# Q: Free Last Minute Board Rental Ads



## Miss Marty (Jun 28, 2006)

*What is your opinion *

Should a business and/or an individual be "limited" to how many 
Free Last Minute Rental Ads they can post on TUG per month?


----------



## chellej (Jun 28, 2006)

My first instinct is to say yes - they should be limited.  But then if a Tugger can get a good last minute deal because of it - I have to reconsider.  I would think that maybe a system say anyone can post 1 or 2 a month and anything beyond that (which is obviously a business) then perhaps they need to pay a small subscription fee to post unlimited ads.


----------



## davesdog (Jun 29, 2006)

I vote for if they are giving good deals to tuggers, then post all you want.  If every week is $700, or the deals are so so, and they are the only one benefiting, then they should pay.

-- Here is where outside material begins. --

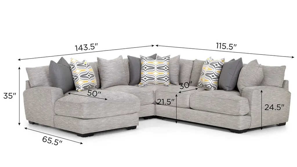 Comfortable on a grand scale, the Carter 4-pc. sectional makes the perfect cornerstone for a living space with family use at the forefront. The upholstery makes it cozy, easygoing and versatile, while the accent pillows give it a punch of graphic nostalgia. Ease onto the robust and plush waterfall seat cushions and you can happily sit or sprawl for hours on end.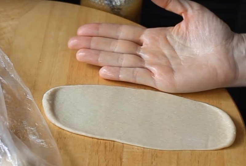 Przygotowane ciasto podziel na 12 równych części i uformuj je w kształt kulek. Przygotowane ciasto przykryj czystą ściereczką i odstaw na około 10 minut. Weź przygotowane kulki i po kolei je rozwałkuj. Ciasto powinno mieć podłużny kształt mniej więcej na długość dłoni.

TUG is kind of like a club.

It helps if those of us that do not own loads of weeks, can pick up a good priced rental from time to time.  And the person who is renting them all of the time also get good trust built up with Tuggers.


----------



## geekette (Jun 29, 2006)

Who wants to do the counting?  Would there be any real difference if it were an individual versus a business?


----------



## Dave M (Jun 30, 2006)

Also, it would be virtually impossible to determine which ads were posted by a business and which by individuals. A business could easily register under any user name and post ads.

We don't limit who posts ads, under the theory that making such rentals available is a benefit to those who seek such low-cost weeks.

It's worthy of note that it's very unlikely that there will ever be a unanimous agreement - or perhaps even a general consensus - about the LMR forum. See this lengthy thread as an example of the different feelings that TUGgers have.


----------